# 第6节.Nacos服务端服务健康检查源码分析
对于健康检查来说,要从客户端的请求模型说起。
# 一、客户端请求方式
从Nacos2.0开始,支持使用长连接的方式,它指在一个连接上可以连续发送多个数据包 (opens new window),在连接保持期间,如果没有数据包发送,需要双方发链路检测包。注册中心客户端2.0之后使用gRPC代替http,会与服务端建立长连接,但仍然保留了对旧http客户端的支持。
其中,NamingClientProxy接口负责底层通讯,调用服务端接口。有三个实现类:
- NamingClientProxyDelegate:代理类,对所有NacosNamingService中的方法进行代理,根据实际情况选择http或gRPC协议请求服务端。
- NamingGrpcClientProxy:底层通讯基于gRPC长连接。
- NamingHttpClientProxy:底层通讯基于http短连接。
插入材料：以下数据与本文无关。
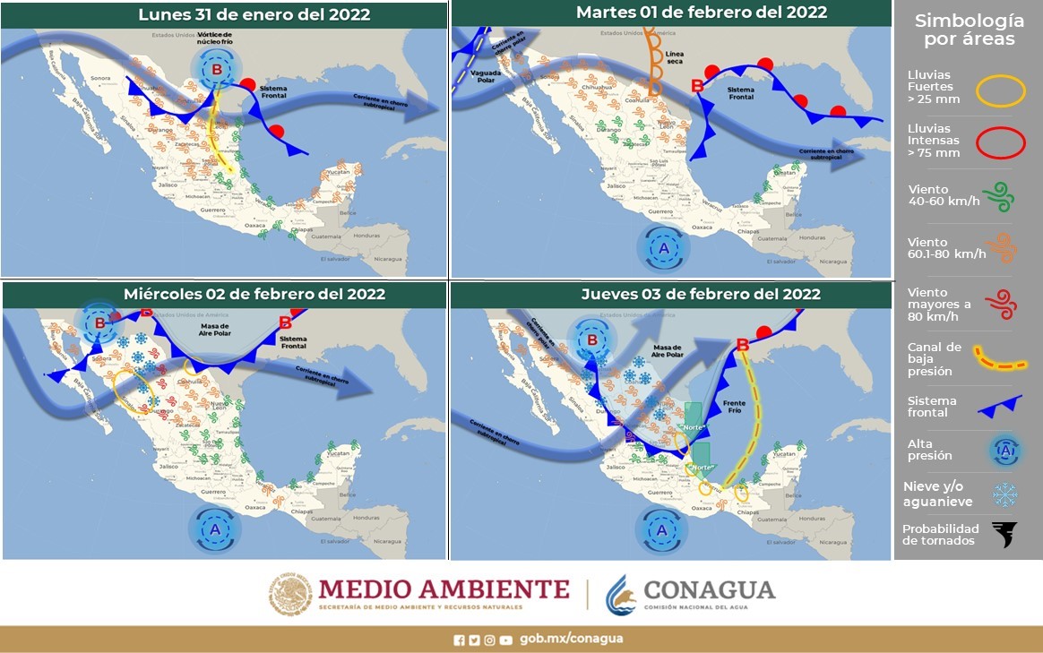 A partir de la tarde del martes, un nuevo frente frío y su masa de aire polar en interacción con una vaguada polar y un pulso de la corriente en chorro subtropical podrían dar origen a una tormenta invernal, provocando ambiente muy frío, lluvias y vientos fuertes con tolvaneras sobre el noroeste y norte del territorio nacional, así como caída de nieve y aguanieve en las sierras de Sonora, Chihuahua y Durango, condiciones que se extenderán durante la madrugada del jueves al noreste del país, con posible caída de nieve y aguanieve en las sierras de Coahuila y Nuevo León.

使用的都是老代码基本没改,原来1.0NamingProxy重命名过来的。
以客户端服务注册为例,NamingClientProxyDelegate代理了registerService方法。
// NacosNamingService.java
private NamingClientProxy clientProxy; // NamingClientProxyDelegate
public void registerInstance(String serviceName, String groupName, Instance instance) throws NacosException {
NamingUtils.checkInstanceIsLegal(instance);
clientProxy.registerService(serviceName, groupName, instance);
}
NamingClientProxyDelegate会根据instance实例是否是临时节点而选择不同的协议。
临时instance:gRPC
持久instance:http
public class NamingClientProxyDelegate implements NamingClientProxy {
private final NamingHttpClientProxy httpClientProxy;
private final NamingGrpcClientProxy grpcClientProxy;
@Override
public void registerService(String serviceName, String groupName, Instance instance) throws NacosException {
getExecuteClientProxy(instance).registerService(serviceName, groupName, instance);
}
// 临时节点,走grpc长连接;持久节点,走http短连接
private NamingClientProxy getExecuteClientProxy(Instance instance) {
return instance.isEphemeral() ? grpcClientProxy : httpClientProxy;
}
}
很重的知识点:Nacos2.x以后,临时实例使用GRPC的方式调用服务端接口,持久化实例使用HTTP方式调用服务端接口。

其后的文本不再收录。